13. The process as claimed in claim 12, wherein said master alloy in step (a) further comprises at least one corrosion-resistance metal; wherein said corrosion-resistance metal is selected from the group consisting of titanium, aluminum, nickel, cobalt, and chromium.

14. The process as claimed in claim 13, wherein said corrosion-resistance metal in step (a) is titanium, and the mole ratio of said titanium ranges from 0.001 to 0.05.

15. The process as claimed in claim 13, wherein said corrosion resistance metal in step (a) is aluminum, and the mole ratio of said aluminum ranges from 0.001 to 0.05.
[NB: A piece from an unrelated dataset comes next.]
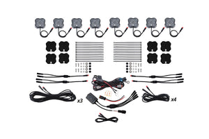 Multicolor plus White. With four high-intensity RGBW LED emitters, the Diode Dynamics Rock Light provides plenty of output in any color you can think of, paired with our RGBW remote or RGBW Bluetooth controller and app. The diffused optical feature of the lens provides excellent integration of colors. And unlike other multicolor lights, the extra white chip means that these will light up in a bright, pure white color when you want to maximize output. Want to show off? Use your controller to start a pattern, strobe, fade, or control the brightness. The best of both worlds! Our RGBW rock lights pack a punch, but if you are looking for the most output possible, check out our single-color rock lights.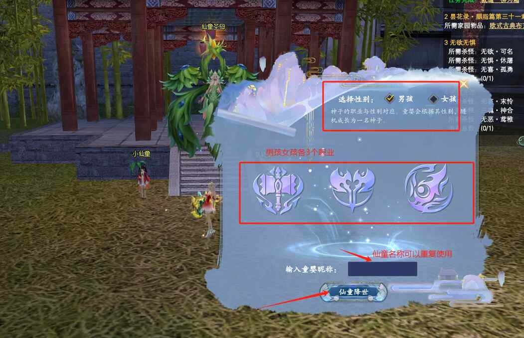 點(diǎn)擊仙童圣母對(duì)話以后,會(huì)給你三男三女6個(gè)職業(yè)的仙童選擇,可以任選其中一個(gè)性別職業(yè)降生,也可以選擇你最缺神語(yǔ)級(jí)的仙童職業(yè)。仙童名字可以重復(fù)使用,大家隨意就好!輸入名字點(diǎn)擊仙童降生,游戲界面右下角的仙童系統(tǒng)中,就會(huì)出現(xiàn)一個(gè)剛出生的仙童寶寶哦!

16. The process as claimed in claim 13, wherein said corrosion-resistance metal in step (a) is nickel, and the mole ratio of said nickel ranges from 0.001 to 0.05.

17. The process as claimed in claim 13, wherein said corrosion-resistance metal in step (a) is cobalt, and the mole ratio of said cobalt ranges from 0.001 to 0.05.

18. The process as claimed in claim 13, wherein said corrosion-resistance metal in step (a) is chromium, and the mole ratio of said chromium ranges from 0.001 to 0.05.